To this end, the Government has released a policy paper, providing a non- exhaustive list of factors which need to be considered when designating a person under the 2020 Regulations.  These factors include:

  • The Government’s human rights priorities, which currently include media freedom, combatting modern slavery, preventing sexual violence, freedom of religion, torture prevention and protection of human rights defenders.
  • The nature of the victim, where particular attention needs to be given to individuals who defend human rights, such as journalists, whistle-blowers, and to whether the human rights violations had any links to the UK.
  • The seriousness of the human rights violation.
  • Whether sanctions had been adopted by other countries for this individual.
  • Whether the involved person is a non-state actor who has acquired a significant degree of control and authority.
  • The status and connections of the involved person and whether it has links to the UK, in order to ascertain whether that person would be particularly affected by travel or financial restrictions imposed under the 2020 Regulations.
  • Whether other measures, including law enforcement, would be more appropriate.
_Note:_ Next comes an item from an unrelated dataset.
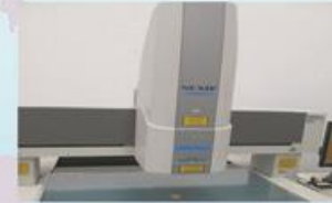
CNC Video Measuring System VMR6555

The introduction of its first autonomous sanctions goes some way to signaling the seriousness of the UK’s intentions to develop its own effective and robust sanctions regime and enforcement framework. Given that the UK is likely to diverge from EU sanctions policy, international businesses may find themselves subject to additional hurdles, on top of the existing UN, EU and US sanctions regimes. In order to address this uncertainty, businesses should conduct regular checks on the OFSI lists of designated individuals. Businesses should also regularly monitor whether they need to update their compliance policies and/or amend any existing licences to comply with the new UK sanctions regime.


[1] Magnitsky was an auditor at a law firm in Moscow who discovered the alleged theft of approximately $230m by Russian tax officials. After reporting it to the authorities, he was detained in 2008 on suspicion of aiding tax evasion, and died in custody on 16 November 2009. Although he was said to have died of acute heart failure and toxic shock, it had been alleged that he was subjected to torture and beatings in prison. His death prompted action by human rights activists and in December 2012, the US Congress adopted the Magnitsky Act, which enables the US to sanction Russian officials thought to have been involved with human rights violations.